When my dad suffered a sudden stroke one December morning eight years ago, we took Owen with the rest of the kids and drove up to Philadelphia to say goodbye to their Grandpa.  It was an unexpected, shocking event, and one of the ways I coped was to worry about how to fit Owen into that situation, at the hospital, with other relatives, their expectations, and their unknown level of tolerance for Owee behaviors in such a situation.

My father had been a man who loved order, and beauty, and peace, so the introduction of an Owen into his life was no doubt always a challenge for him.  After all, he already had a son with special needs, who tested his patience fairly regularly.  One of my sisters has video footage from a Gladish family reunion meal in which little Owen is massaging Grandpa’s head, face and neck in a sort of extravaganza of sensory exploration.  My father looks to be cheerfully grinning, possibly gritting his teeth – he was always a team player – while the family laughs and chats about the attention he is receiving.  He does not look what I would call relaxed.  I never saw this encounter until I saw the footage, years later, since I was buried in the kitchen cooking at the time (coping with large numbers of people in my own way).

When we arrived at the hospital, my brother-in-law stayed downstairs in the hospital lobby with Owen while the rest of us went up to see Dad.  But it felt strange to me, not to have Owen with us. Down the hospital elevators I went, and brought Owen up. His grandpa lay on a hospital bed, an oxygen mask obscuring most of his face.  He was on a ventilator, and didn’t seem to be very much present, if at all.  We all touched him, and said things to him, and he was unresponsive.  In an effort to connect Owee to what was happening, I put his hand on his grandpa’s foot and told him to say goodbye to grandpa.  But this time Dad twitched  – several spasms passed through his leg.

My first response to his twitching was as if my unconscious father had said “Yuck! Don’t touch me!” This seemed like something he might have felt, in such a situation.  Owen almost figures unpredictability, uncertainty, and my father was certainly no lover of chaos.  I wryly smiled, imagined him thinking, “Did you wash that kid’s hands?”

But I also wondered if his twitching meant something more.  Reflecting on it all these years later, I see that could just as easily have been a tremor of goodbye.  My dad had a generous, loving heart, and a good sense of humor, and those traits formed a larger part of him than his desire for order, or his impatience with mental slowness or with noise.

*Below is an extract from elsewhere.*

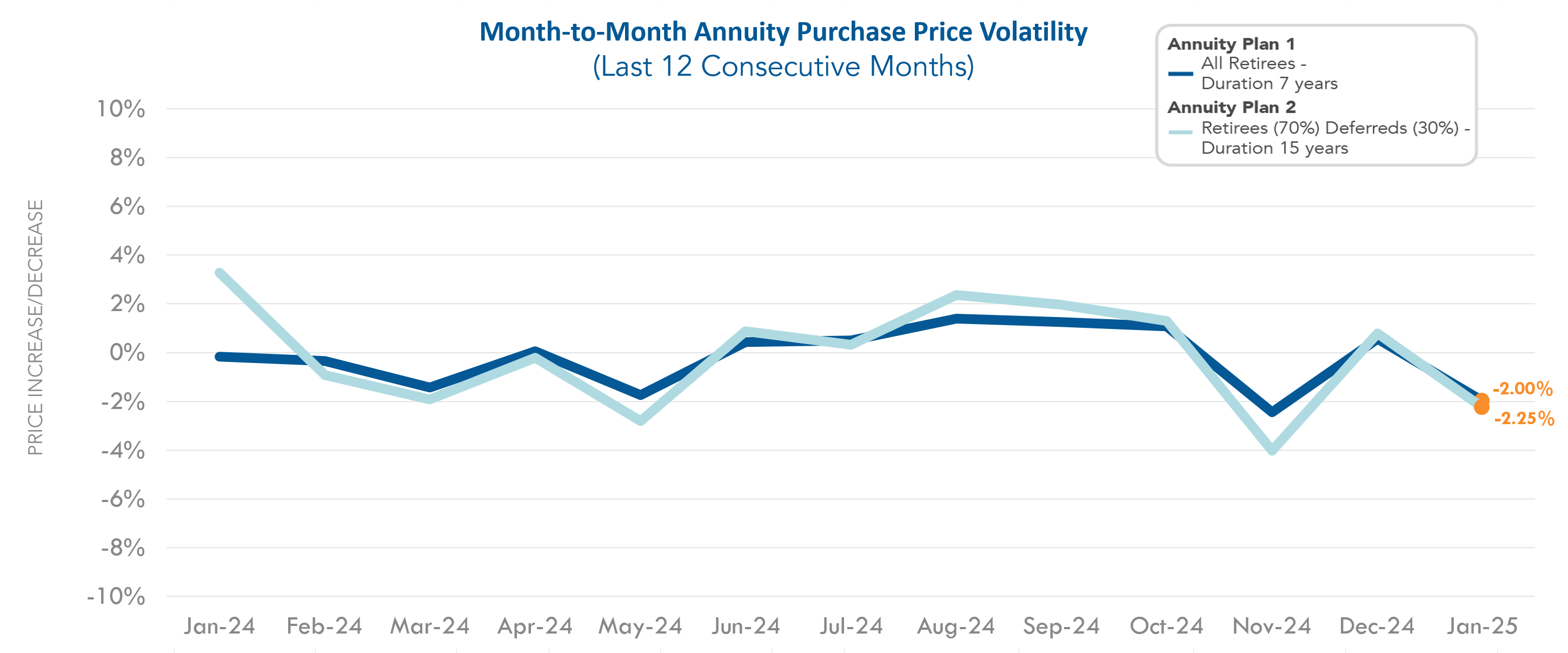 This month, annuity purchase prices for both Annuity Plan 1 and Annuity Plan 2 declined. The purchase price for Annuity Plan 1 fell by 2.00%, while Annuity Plan 2 experienced a decrease of 2.25%. Entering the insurance market early is vital during the planning stage, given the frequent short-term volatility in annuity purchase pricing. Plan sponsors who are terminating their pension plans can take advantage of favorable fluctuations and attractive rates by settling the retiree portion of their liabilities.

Dad did not know to say some things, articulate and urbane as he was, that Owen nonverbal and uncommunicative in a different way, says with touch.  Maybe on his last day on earth, Owen’s grandpa responded to a touch he that couldn’t appreciate before.  Maybe a nonverbal human is more receptive to other energy waves than those of human words through the air, or human thoughts moving through nerve synapses.

Or — maybe not.  All I know is that Dad didn’t respond to anyone else.  Only Owee got the spasm.

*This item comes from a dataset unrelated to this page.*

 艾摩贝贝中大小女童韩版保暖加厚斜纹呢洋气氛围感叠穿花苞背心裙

What did Owen take away from saying goodbye to grandpa?  It seems so often Owen’s job with us is to be a conduit for things that he himself does not understand.  He generally doesn’t understand. He copes.  Earth and its inhabitants’ ways are a mystery to him. There is a kind wisdom of in that – so much we don’t know about the ones we love. Owen brought us a last experience with Dad – one last response, perhaps a goodbye.

As one who understands death – or at least understands that she does not understand it – I salute the passing of our friend Reade this winter, and thank him for bringing thoughts of other lost dear ones. Life is rich with all kinds of knowing, all kinds of speaking, and all kinds of love.